Оконце сторожки было темным. Степан Егорыч подумал: спит, верно, Ерофеич, и приготовил ему укор – так-то, дескать, службу справляешь!
Но темно было оттого, что у Ерофеича вышел керосин. А сам он не спал, сидел на топчанчике. Топилась печурка, струилось тепло; золотисто-малиновым жаром светился ее приоткрытый зев. Сладко пахло печеной картошкой.

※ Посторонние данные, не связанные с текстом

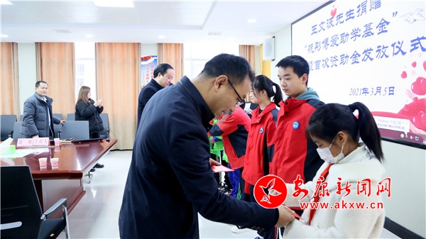 捐贈結(jié)束后,縣委常委、統(tǒng)戰(zhàn)部部長李俊代表縣委、縣政府對王文波先生這種主動擔(dān)當(dāng)作為的善行義舉表示感謝。希望學(xué)生要加倍珍惜這份關(guān)愛,不能因貧而自卑、自暴自棄,而是要把成長路上的磨難當(dāng)做磨煉意志的階梯,自信自強(qiáng),成長成才。希望家長要盡職盡責(zé),幫助孩子成才;希望全體教育人也要常懷感恩之心,常存感激之情,珍惜今天良好的辦學(xué)條件,把社會各界的支持和鼓勵化作無窮的動力,不斷提升教育教學(xué)質(zhì)量,潛心鉆研教學(xué),以實實在在的業(yè)績回報組織、社會和企業(yè)家的關(guān)心和厚愛。最后,李俊要求:紅十字會、教體科技局以及家長要按照捐贈人意愿,公開、透明、規(guī)范管理捐贈善款,及時、準(zhǔn)確將善款用于愛心助學(xué),讓捐贈人放心,讓品學(xué)兼優(yōu)的貧困孩子受益。
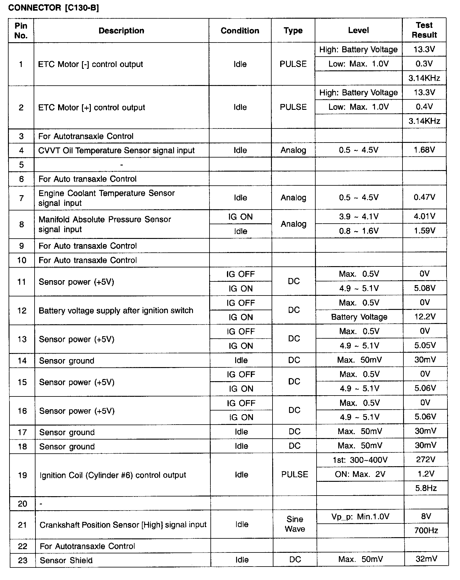 PCM Terminal Input/Output Signal - Connector (C130-B) Part 3: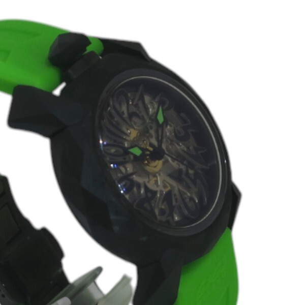 | カラー | 文字盤:スケルトン ケース:ブラック ベルト:ライトグリーン系 |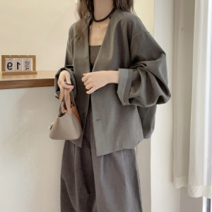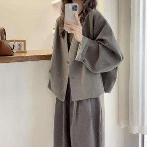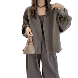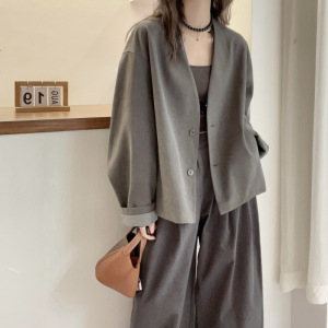 2025春秋新款英伦风V领通勤外套女宽松显瘦潮流气质减龄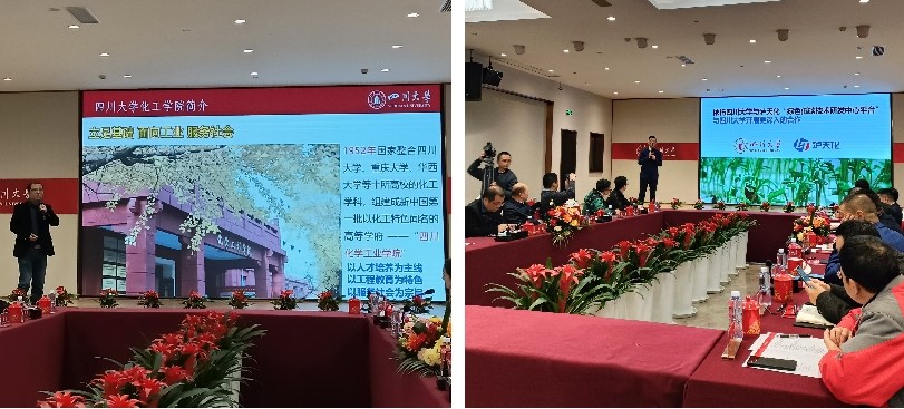 泸天化集团公司傅利才常务副总讲话指出,感谢四川大学一直以来对泸天化发展提供大力支持。他介绍了泸天化集团公司情况,祝贺项目签约成功,希望科研合作扎实推进,取得好成绩。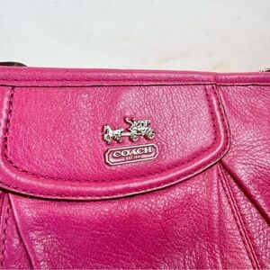 Coach pink leather mini bag with silver hardware, interior pocket, zipper closure and detachable strap. Pre-owned with some minor marks. Does not come with dustbag.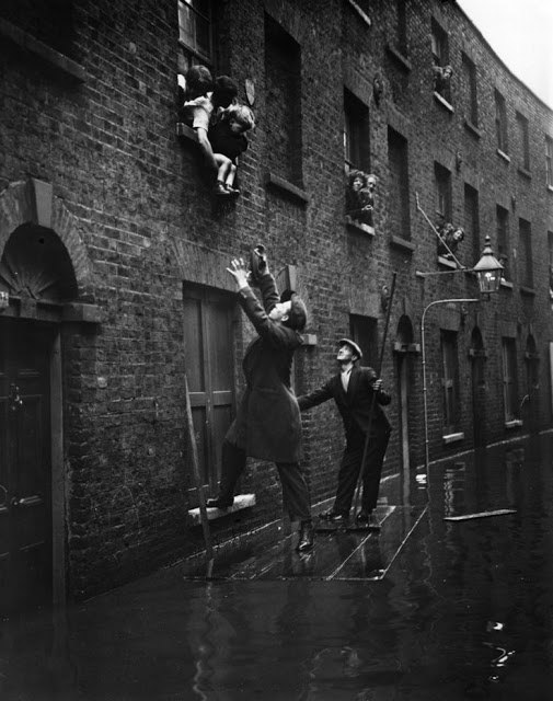 Мужчина спасает ребенка из затопленного здания в Лондоне во время наводнения, 1928 год.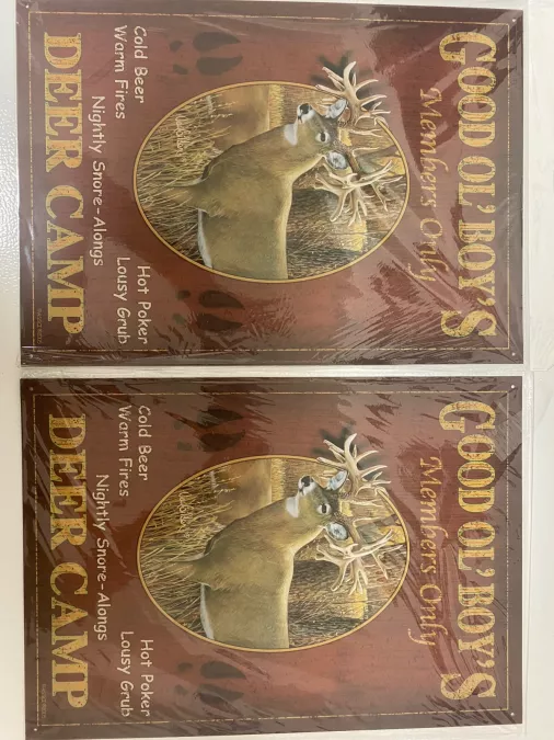 For sale are 6 unique hunting decor signs good for mancaves, hunt camps, trophy rooms, bedrooms and the likeness. There are 7 signs in total, two are duplicates. Never opened, still in the sealed plastic - 16" tall 11" wide.

– Ну, чего там? Разошелся народ иль еще гомонит? – сразу же спросил Ерофеич. Видать, празднество занимало его мысли, по компанейству характера ему хотелось быть в эту ночь со всеми в куче, а не сидеть тут на своем одиноком дежурстве. – Сгодился мой Мишка-то?

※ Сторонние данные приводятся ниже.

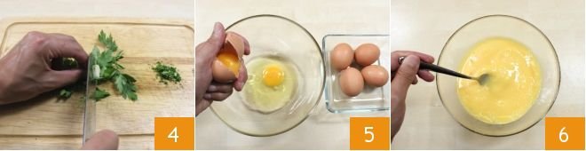 Now wash the parsley stems and pat them dry with a clean kitchen cloth or paper towel, then peel a clove of garlic and clean a shallot. Place them on a cutting board and chop them finely 4. At this point, break the eggs into a bowl 5, beat them with a fork or whisk 6, and add salt and pepper to taste.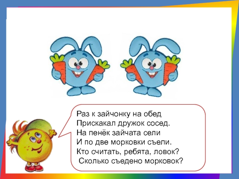 Раз к зайчонку на обед Прискакал дружок сосед.На пенёк зайчата сели И по две морковки съели.Кто считать,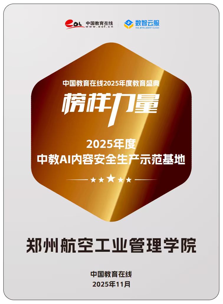 近日,中国教育在线“榜样力量·2025年度教育盛典”优秀案例名单公布。郑州航空工业管理学院凭借在新媒体领域的深远影响力和对AI技术的高水平运用及卓越成果,荣获“2025年度中教AI内容安全生产示范基地”。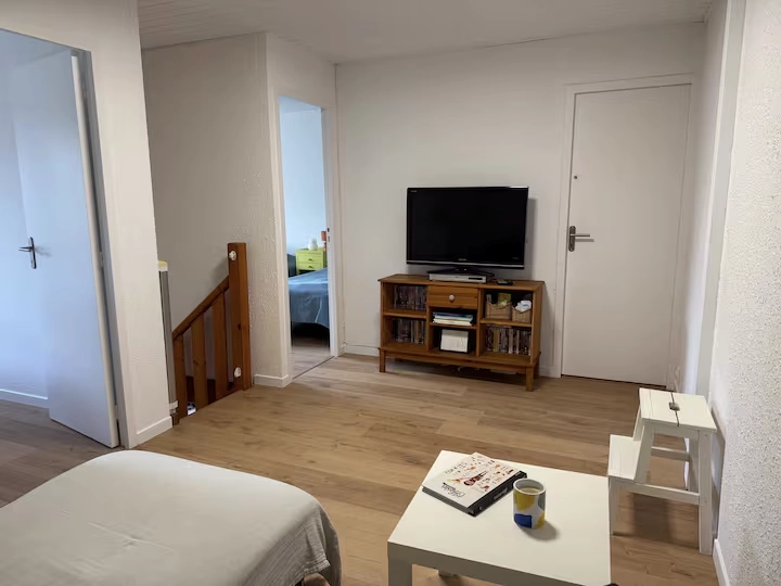 Cette maison mitoyenne est composée au RDC d’un séjour/salle à manger avec cuisine équipée ouverte sur le séjour et d’un cellier, d’une chambre avec un lit double (160), d’une salle de bain et d’un WC séparé.

– Еще как! – похвалил Степан Егорыч. – Может, сходишь, погуляешь, а я за тебя тут посижу?
Ерофеич заколебался.
– Да не… Мороз крепкий, кости студить… Опорожнили-то небось вчистую?
– Не проверял, но похоже – так…
– Ну вот, стало быть, и никакого резону ходить. А песен этих я не шибкий любитель, я их все по сту разов переслушал…

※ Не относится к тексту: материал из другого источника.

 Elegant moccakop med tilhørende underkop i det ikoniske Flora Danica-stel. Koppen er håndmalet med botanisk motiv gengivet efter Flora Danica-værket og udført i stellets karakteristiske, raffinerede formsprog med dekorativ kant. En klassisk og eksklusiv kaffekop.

– Тогда поешь вот, твоя доля.
Степан Егорыч вынул из кармана кусок пирога в газетной бумаге.
– Остыл, на печке согрей.
– Гляди-кось, верно, пирог! – оживился Ерофеич. – Не разучились еще, значит, бабы пироги ставить! А я тут вот картошку колупаю. Хорошую мне баба не дает, только какая порчей тронута. Тебе, говорит, тут все сгодится. И соль жалеет, праличь ее расшиби! А без соли она и вовсе в рот не пролазит…
Ерофеич посунул на печурке пекущиеся обугленные картошки, пристроил пирог.
– Шалят серые? – спросил Степан Егорыч.
– Не поймешь. Кобели брехали два раза, я выходил, глядел. Всю территорию обошел. Может, волки, а может, – просто так им чтой-то почудилось…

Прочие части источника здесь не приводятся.